U.S. crude stocks decreased by 3.4 million barrels last week, government data showed, more than triple the 1.1 million-barrel decline analysts had expected in a Reuters poll. Stocks fell for a fifth straight week, the longest streak of drawdowns since January 2021.

“Robust exports have helped to offset lower refining activity and strong imports to encourage a fifth consecutive draw to crude inventories,” said Matt Smith, lead oil analyst at Kpler, calling the report “modestly supportive” for oil prices.

“Geopolitical risk remains the key driver of today’s rally,” Smith said.

A day earlier, Brent and WTI both lost about 1.4%, closing at their lowest levels in seven weeks after falling last week on hopes of a Gaza ceasefire agreement that could ease Middle East tensions and accompanying supply concerns.

Tensions in the oil-producing region heated up overnight on news that Hamas leader Ismail Haniyeh was assassinated in Iran.

This came a day after the Israeli government claimed it killed Hezbollah’s most senior commander in an air strike on Beirut in retaliation for Saturday’s rocket attack on Israel.

Separately, the U.S. also conducted a strike in Iraq in the latest conflict in the region.

“Overnight developments and elevated geopolitical risk merely provide temporary reprieve for oil benchmarks. Unless oil and gas infrastructure is hit, the latest spike is unlikely to last,” said Gaurav Sharma, an independent oil analyst in London.

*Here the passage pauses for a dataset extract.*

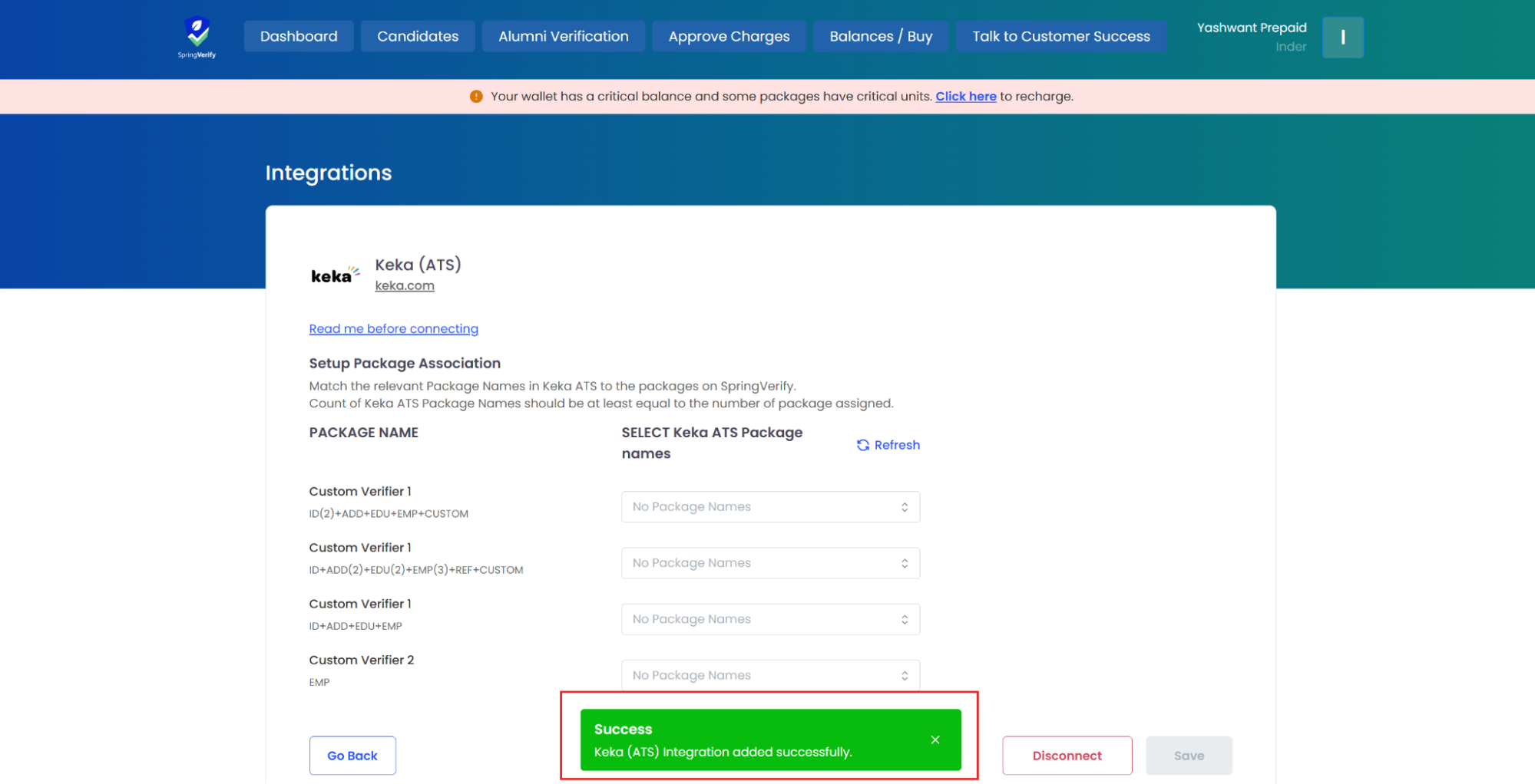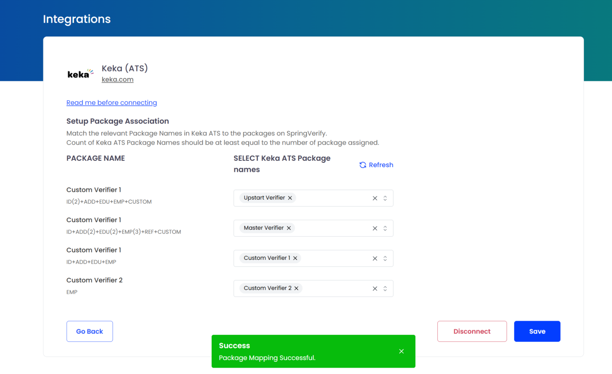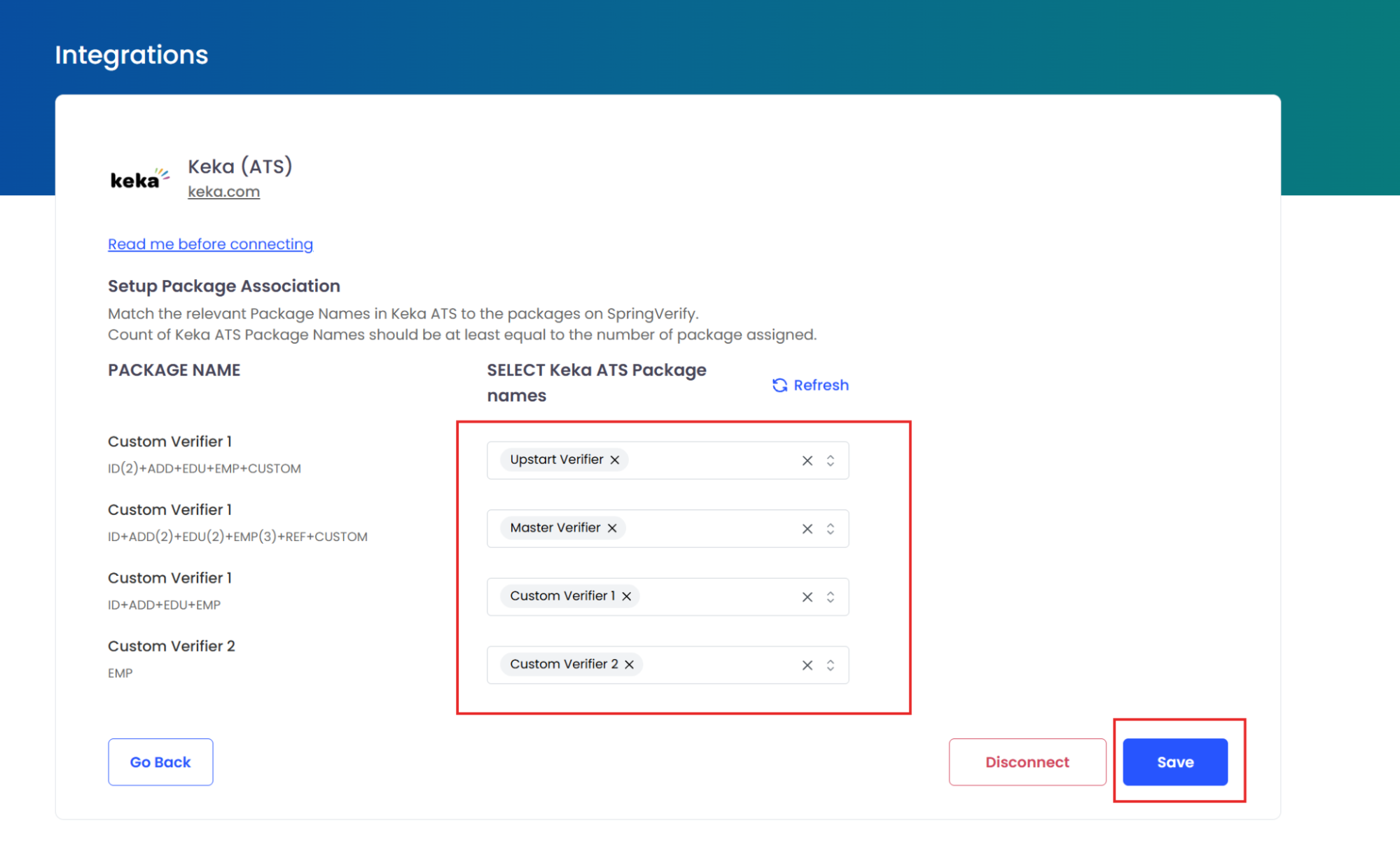 4. Now, select the packages applicable to your organization and click on 'Save' to integrate SpringVerify as your background verification partner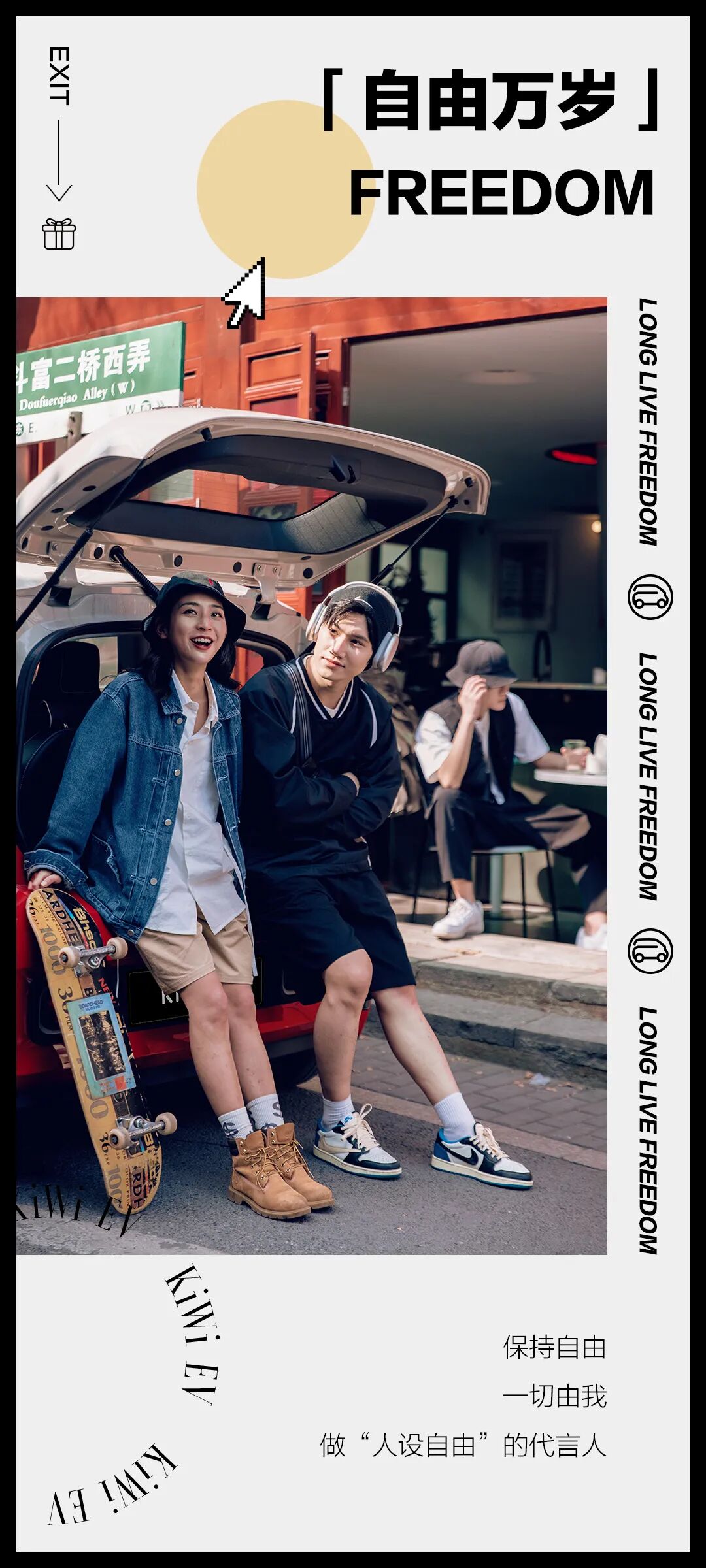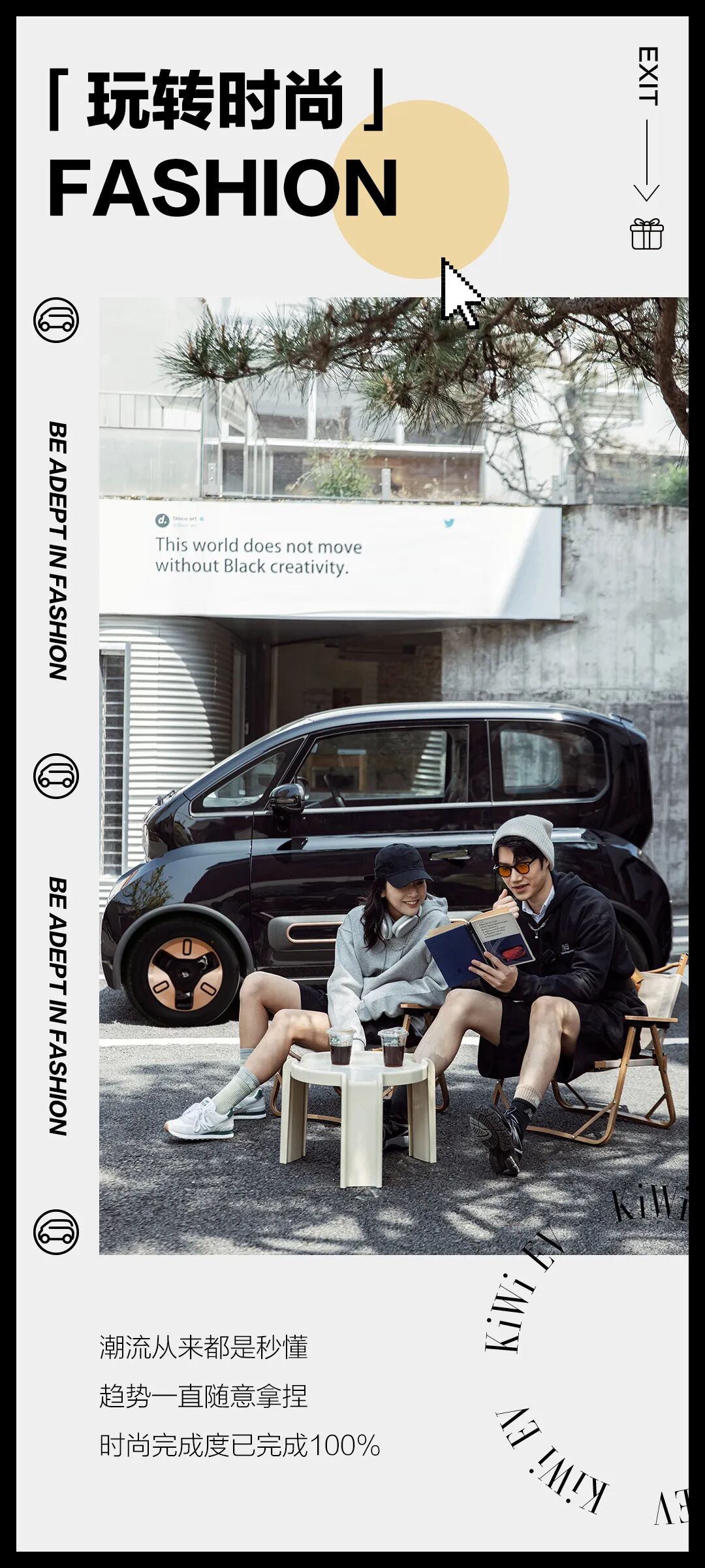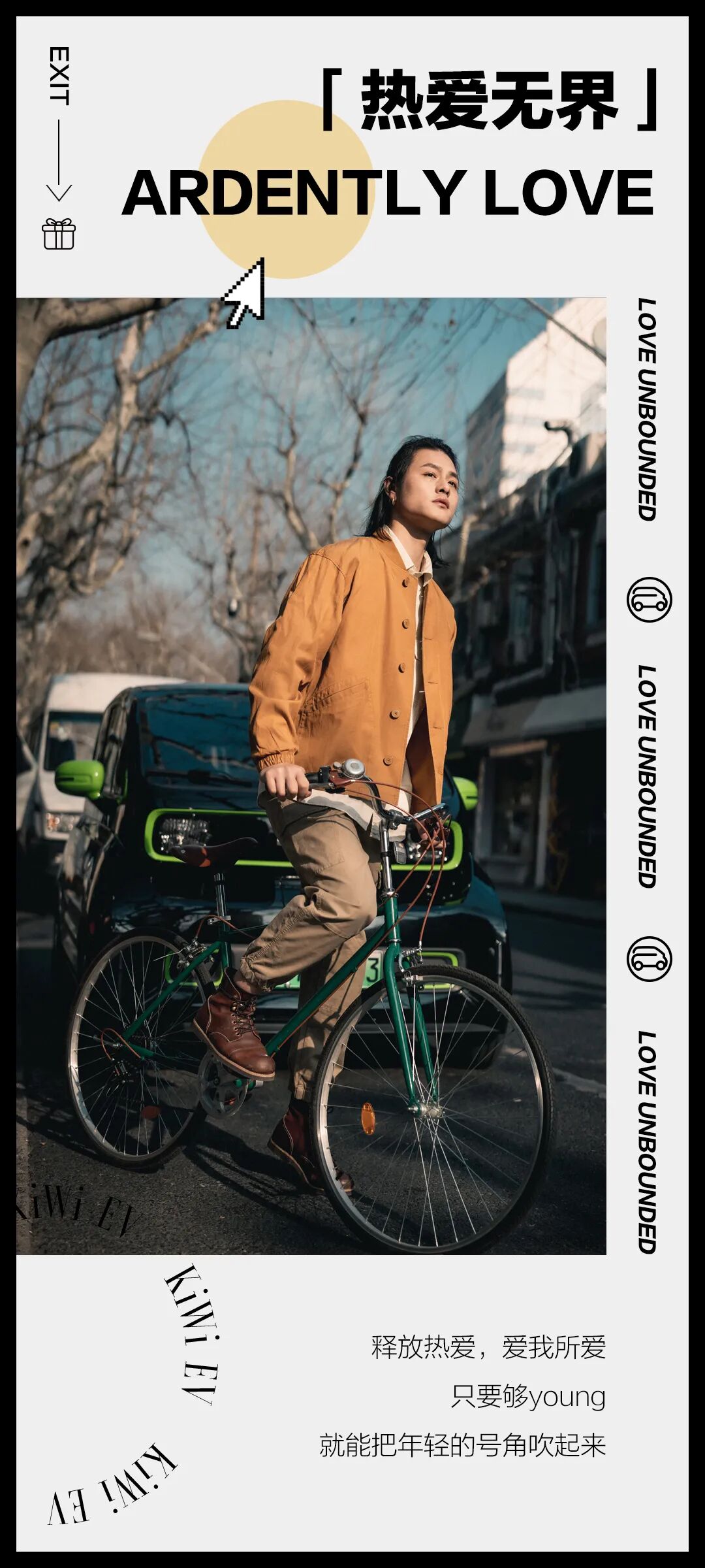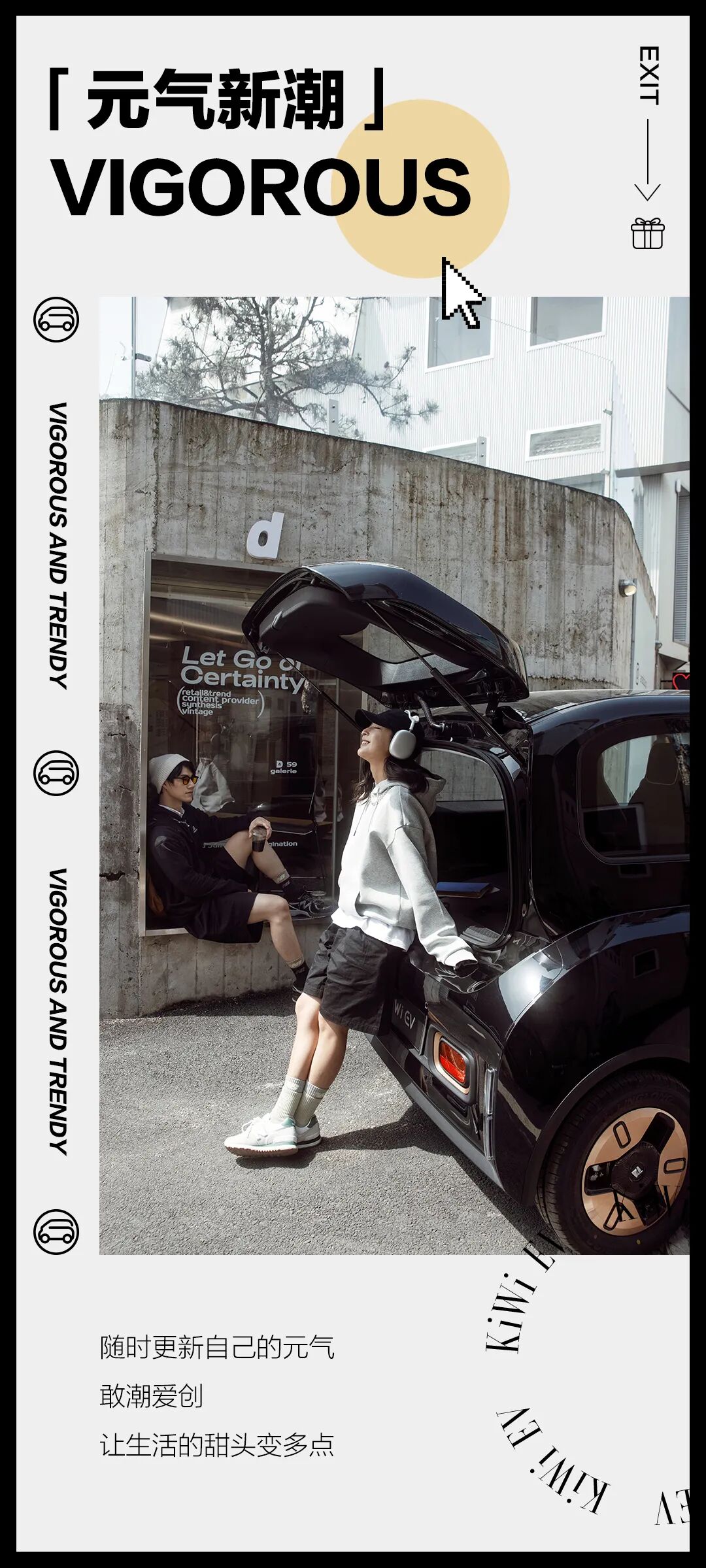 推荐:五四青年节这天,「点击弹出」宝骏青年节态度关键词海报,用汽车美图和态度关键词结合进行营销,吸引大家互动。

A 0.4% fall in the U.S. dollar index also supported prices. A weaker dollar can boost demand for oil by making the greenback-denominated commodity cheaper for holders of other currencies.

Limiting gains were concerns about fuel demand in China, the world’s top crude oil importer.

China’s manufacturing activity in July shrank for a third month, an official factory survey showed on Wednesday.

Ample spare production capacity held by OPEC members also weighed on prices.

OPEC+ is expected to stick to their current deal on production and start unwinding some output cuts from October.

Top ministers from OPEC+, will hold an online joint ministerial monitoring committee meeting (JMMC) on Thursday.